I, too, started to make comments on both sites.  But my comments rambled (another one of those prerogatives I maintain in this 140 character world) , and so it became apparent that I would need to create a blog entry to respond to the article – which I truly do not want to do because, frankly, I really don’t want to "raise the volume" of this disagreement between SEO believers and SEO heretics.  But I have some things to say that no one else is saying, and it goes to the heart of the debate on why SEO IS important and is absolutely not the same thing as a good user experience of web development.
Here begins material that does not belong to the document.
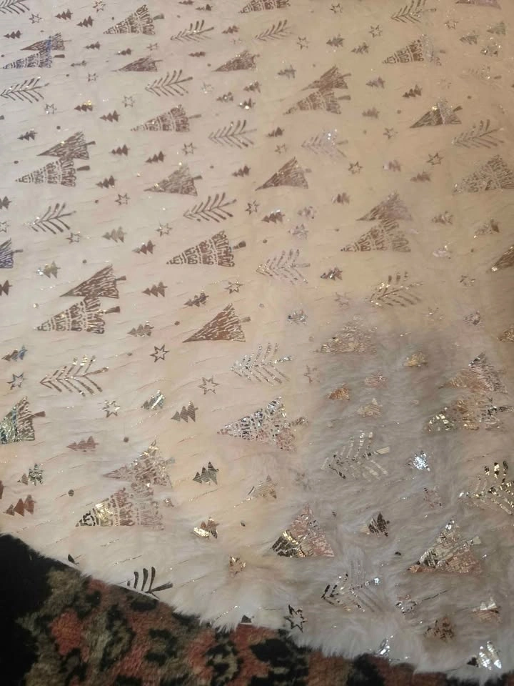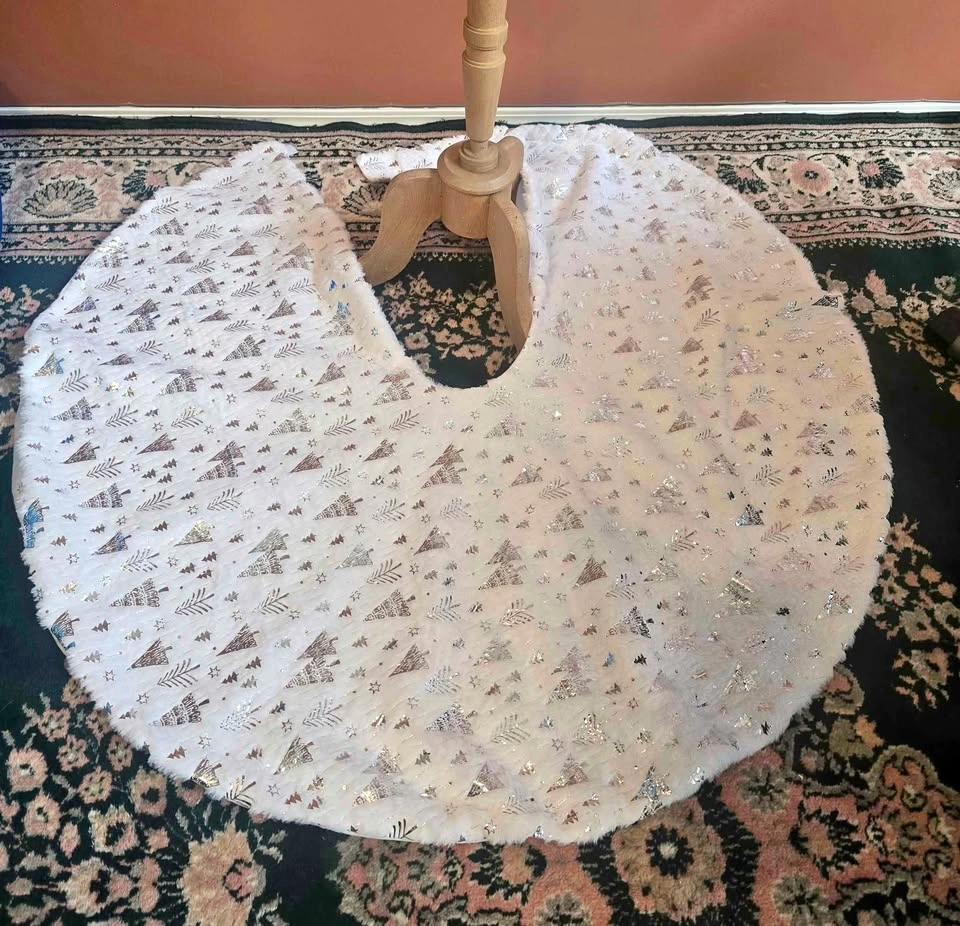 Gorgeous soft tree skirt with shimmering silver tree and star pattern โ adds a cozy and elegant touch to your holiday dรฉcor. Perfect for wrapping around the base of your Christmas tree to hide the stand and give it a festive, finished look. Color: White with silver glitter design Diameter: ~120 cm (approx. 47 inches) Material: Faux fur with sequin overlay Condition: Brand New Price: $10 (Retail $35+) Pickup in Mission near Centennial Park.

So to Danny, to Derek, and to all the folks who have entered this debate, I  hope you find my comments below useful and, if not, my humble apologies for wasting your valuable time.

Good site design is about the user experience. I started my career in online and software UE design when that term was an oxymoron.  My first consulting company, started in 1992, was inspired by David Kelley, my advisor at Stanford, CEO of IDEO (one of the top design firms in the world),  and now founder and head of the Stanford School of Design.  I was complaining to David about the horrible state of user interfaces in software and that we needed an industry initiative to wake people.  His response was "If it’s that bad, go start a company to fix it."  Which I did.  That company built several products that won awards for their innovative user experience. 
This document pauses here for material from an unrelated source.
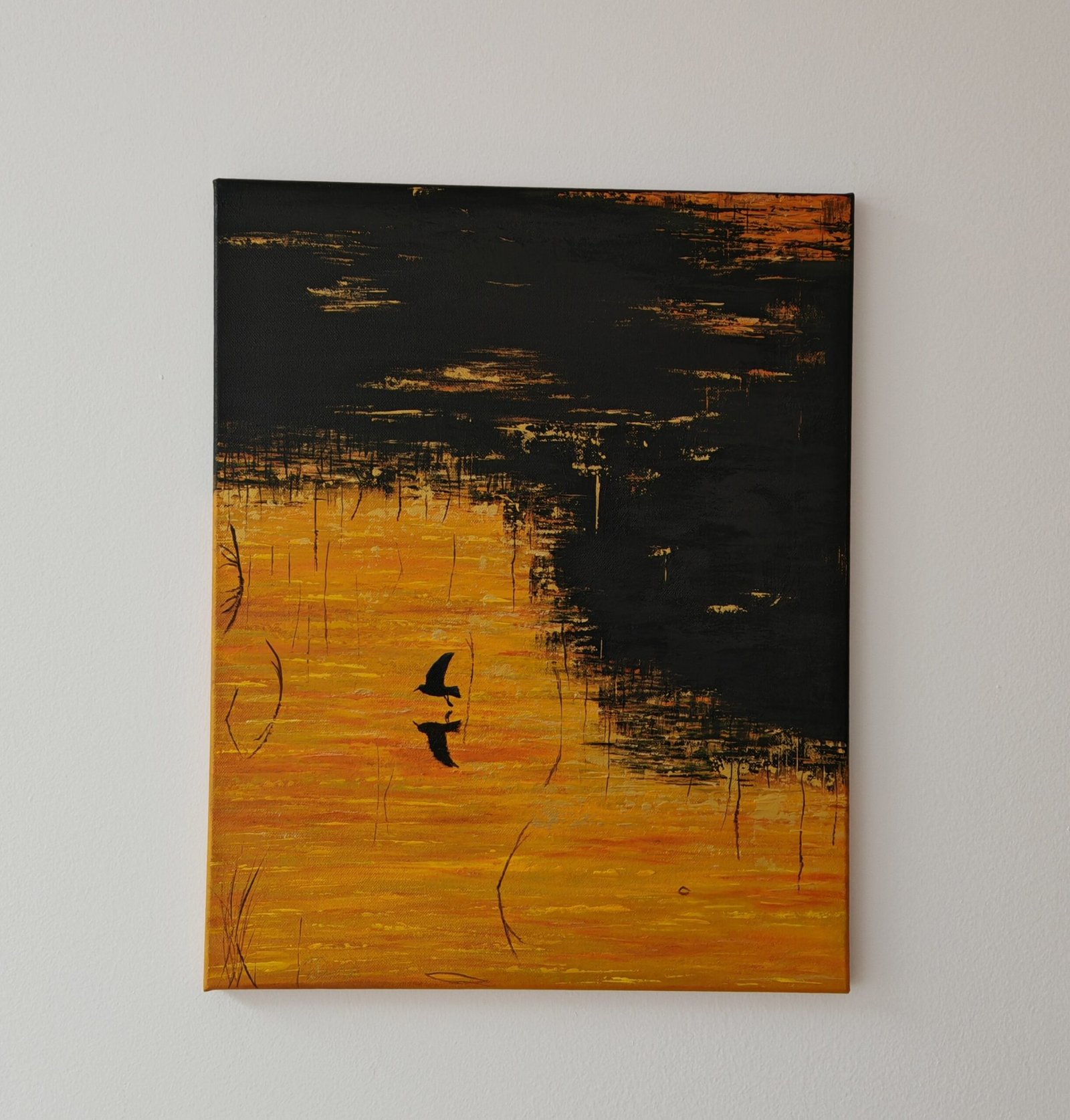 The painting “LAKE TINTED BY SUNSET II” is made of acrylic on canvas.

That history, I hope, gives credibility to next next statement: I have always believed, and will always believe, that good site experience trumps anything else you do.  Design the site for your customer first.  Create a "natural" conversation with them as they flow through the site and you will keep loyal customers.

Having said that, universal search engines do not "think" like human beings.  They are neither as fast or as capable of understanding loosely organized data.  They work according to algorithms that attempt to mimic how we think, but they are a long way from actually achieving it.  These algorithms, as well as the underlying structures used to make them effective, also must run in an environment of limited processing power (even with all of Google’s server farms) relative to the volume of information, so they have also made trade-offs between accuracy and speed.  Examples of these structures are biword indices and positional indices.  I could go into the whole theory of Information architecture, but leave it to say that a universal search engine needs help in interpreting content in order to determine relevance. 
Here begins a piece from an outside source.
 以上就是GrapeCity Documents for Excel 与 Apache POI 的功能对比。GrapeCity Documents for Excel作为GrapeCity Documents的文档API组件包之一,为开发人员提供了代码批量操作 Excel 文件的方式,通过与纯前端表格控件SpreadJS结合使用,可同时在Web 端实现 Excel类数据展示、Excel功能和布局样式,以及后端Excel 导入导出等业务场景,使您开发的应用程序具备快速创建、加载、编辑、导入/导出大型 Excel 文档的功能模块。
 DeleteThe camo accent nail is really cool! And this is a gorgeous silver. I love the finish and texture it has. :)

Meta data is one area that has evolved to help the engines do this.  So, first and foremost, by expecting this information, the search engines expect and need us to include data especially for them that has nothing to do with the end user experience and everything with being found relevant and precise.  This is the simplest form of SEO.  There are two points here:

  1. Who is going to decide what content goes into these tags? Those responsible for the user experience?  I think not.  The web developers? Absolutely positively not.  It is marketing and those who position the business who make these decisions.
  2. But how does marketing know how a search engine thinks?  Most do not.  And there are real questions of expertise here, albeit for this simple example, small ones that marketers can (and are) learning.  What words should I use for the search engines to consider a page relevant that then go into the meta data?  For each meta data field, what is the best structure for the information?  How many marketers, for example, know that a title tag should only be 65 characters long, or that a description tag needs to be limited to 150 characters, that the words in anchor text are a critical signaling factor to the search engines, or that alt-text on an image can help a search engine understand the relevance of a page to a specific keyword/search?  How many know the data from the SEOMoz Survey of SEO Ranking Factors showing that the best place to put that keyword in a title tag for search engine relevance is in first position, and that the relevance drops off in an exponential manner the further back in the title the keyword sits?  On this last point, there isn’t one client who hasn’t asked me for advice.  They don’t and can’t track the industry and changes in the algorithms closely enough to follow this.  They need SEO experts to help them – a member of the trained and experienced professionals in the SEO industry, and this is just the simplest of SEO issues.

How about navigation?  If you do not build good navigational elements into deeper areas of the site (especially large sites) that are specifically for search engines and/or you build it in a way that a search engine can’t follow (e.g. by the use of Javascript in the headers or flash in a single navigation mechanism throughout the site), then the content won’t get indexed and the searcher won’t find it.  Why are good search-specific navigational elements so important?  It comes back to limited processing power and time.  Each search engine has only so much time and power to crawl the billions of pages on the web, numbers that grow every day and where existing pages can change not just every day but every minute.  These engines set rules about how much time they will spend crawling a site and if your site is too hard to crawl or too slow, many pages will not make it into the indices and the searcher, once again, will never find what could be hugely relevant content.

Do UE designers or web developers understand these rules at a high level?  Many now know not to use Javascript in the headers, to be careful how they use flash and, if they do use it in the navigation, to have alternate navigational elements that help the bots crawl the site quickly.  Is this about user experience?  Only indirectly.  It is absolutely positively about search engine optimization, however, and it is absolutely valid in terms of assuring that relevant content gets put in front of a searcher.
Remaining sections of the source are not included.